BAĞIMLILIK EN ÇOK BU MESLEK GRUBUNDA VAR !

FOMO hastalığı tedavi edilebilir mi sorusuna cevap veren Tuğba Demiröz, ’’Bağımlılık zor psikolojik durumlardandır ve bağımlı için anahtar cümle “ her gün temiz kalmaktır”, yıkıcı cümle ise “bundan sonra temiz kalacağım” dır ki, bundan sonra diye genellemek bağımlıya aşılamaz derecede büyük görünür ve başlamadan yılar. Bu sebeple bağımlı bilir ki eğer atıyorum alkolü bırakacaksa niyeti bugün için kurmalıdır “ Bugün temiz kalacağım” ve yine bağımlı bilir ki “bir kereden bir şey olmaz” sözü bağımlı için geçerli değildir, çünkü bir yudum alkol onu eskisinden bile daha fazla içmeye götürür. Eğer kişi bağımlılık geliştirmişse ciddi psikolojik destek almadan üstesinden kolay kolay gelemez, çünkü bağımlılık için ta bebeklik döneminde ki bağlanma şekillerine kadar inmek gerekir. Meslek grubu olarak bilemem ama internet kullanması kolay masa başı işlerde çalışan kişilik yapısı bağımlılık geliştirmeye müsait olanlar, bedenen daha az yorucu işlerde çalışanlar, işi gereği sosyal medya hesaplarını kullanmak zorunda olanlar diye düşünüyorum’’ dedi.
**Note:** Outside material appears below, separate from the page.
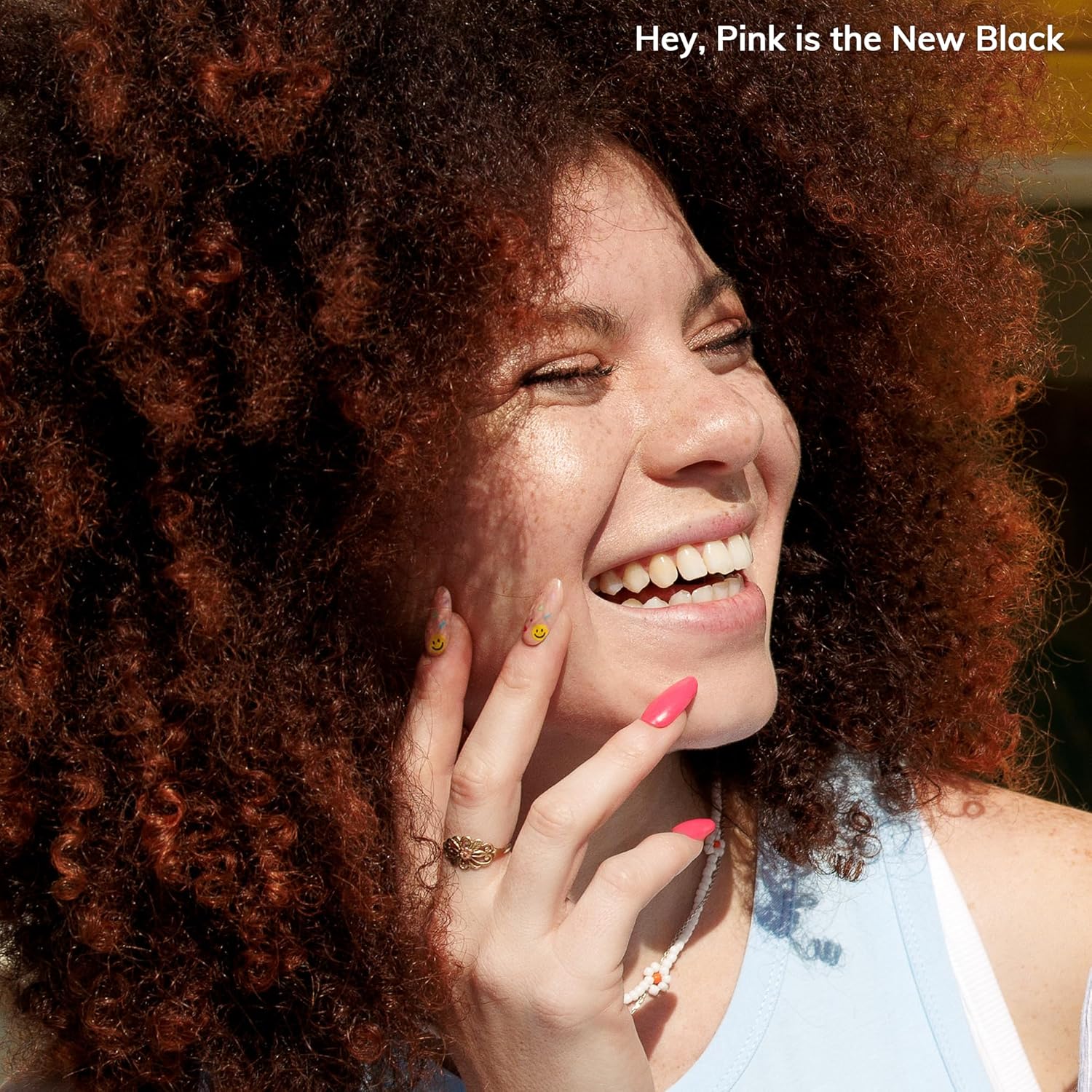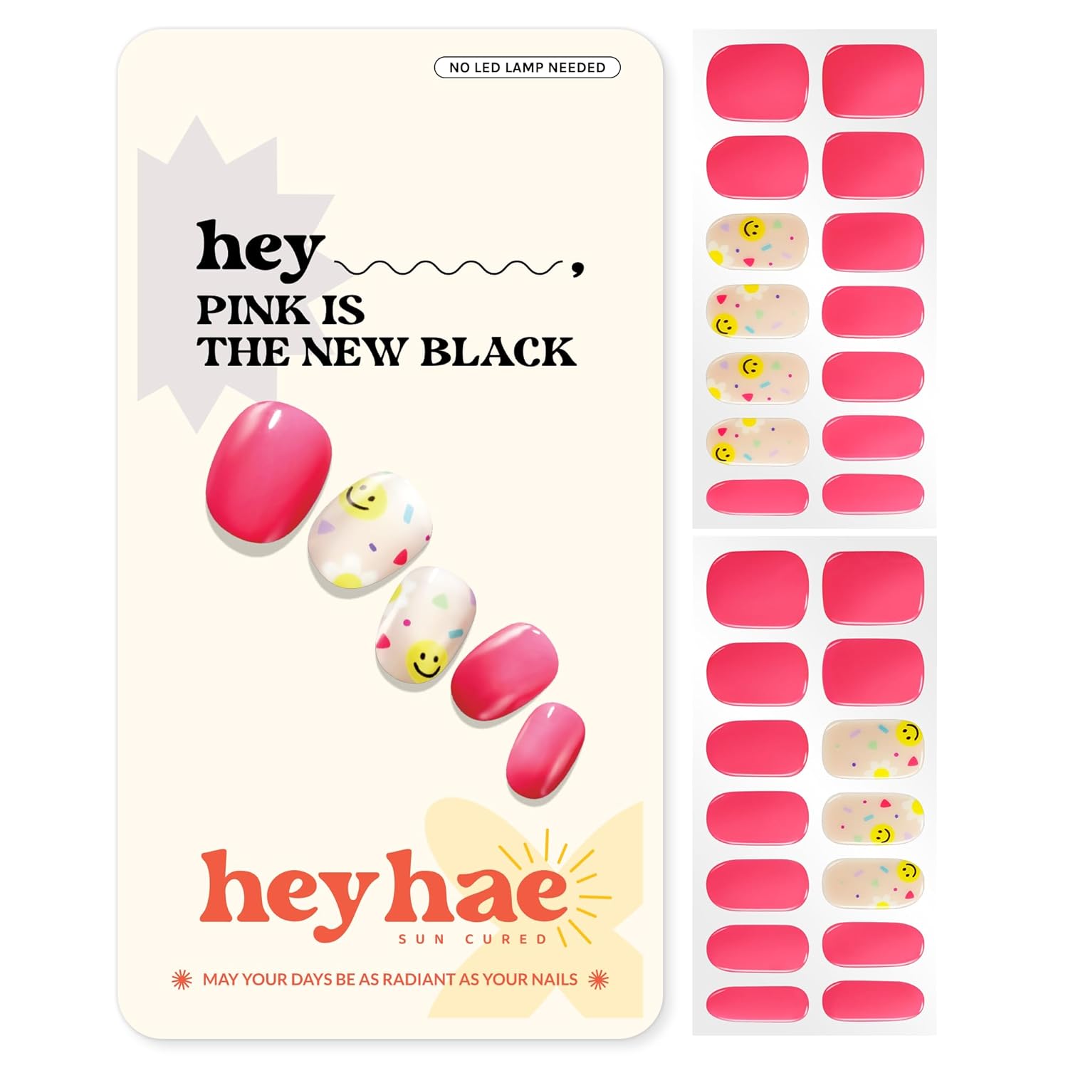 Semi Cured Gel Nail Strips | No LED Lamp Needed | Spring, Marble, Pink | Easy Apply & Remove,Salon Quality |Includes 28 Strips, 1 Prep Pads, Nail File & Wooden stick- Hey, Pink is the New Black

‘’GİDEREK BİREYSELLEŞİYORUZ’’

Gelişen teknoloji ile beraber insanların her geçen gün bireyselleştiğini, yalnızlaştığına dikkat çeken Tuğba Demiröz, bunun zaman içerisinde yıpranmaya neden olabileceğini kaydetti. Demiröz, ’’Televizyonun Türkiye’de yaygınlaşmaya başladığı yıllarda komşuluk da yaygındı. Komşu oturmaları televizyonla birlikte sohbetin azalıp beraber film ya da program izlenen yerler haline gelmişti. Aynı durum akıllı telefonlarla, tabletlerle bedenen bir arada ruhen yalnız insan buluşmalarına kadar ulaştı. İnsanlar giderek bireyselleşiyor, yalnızlaşıyor, sosyal medyada gerçekleşen bazı paylaşımlarla nefs hastalıkları (kıskançlık, açgözlülük, iki yüzlülük, hırs, kibir…) artıyor, şüpheci kişilik yapısında olanlar büsbütün her sözü kişiselleştirerek iyice paranoyak hale geliyor, akıl hastalıklarını tetikliyor, fizyolojik ihtiyaçlar yeme, içme, uyuma, dinlenme, hatta tuvalete gitme öteleniyor. Böyle böyle kişi önce kendine sonra diğerlerine duyarsızlaşmaya başlıyor. Sağlığını kaybetmiş beden, yanlış telkinlerle yolundan çıkmış akıl, ulaşılamayan duygularla sağlıklı ruhsal durum yakalamak hayalden öte bir şey değildir’’ dedi.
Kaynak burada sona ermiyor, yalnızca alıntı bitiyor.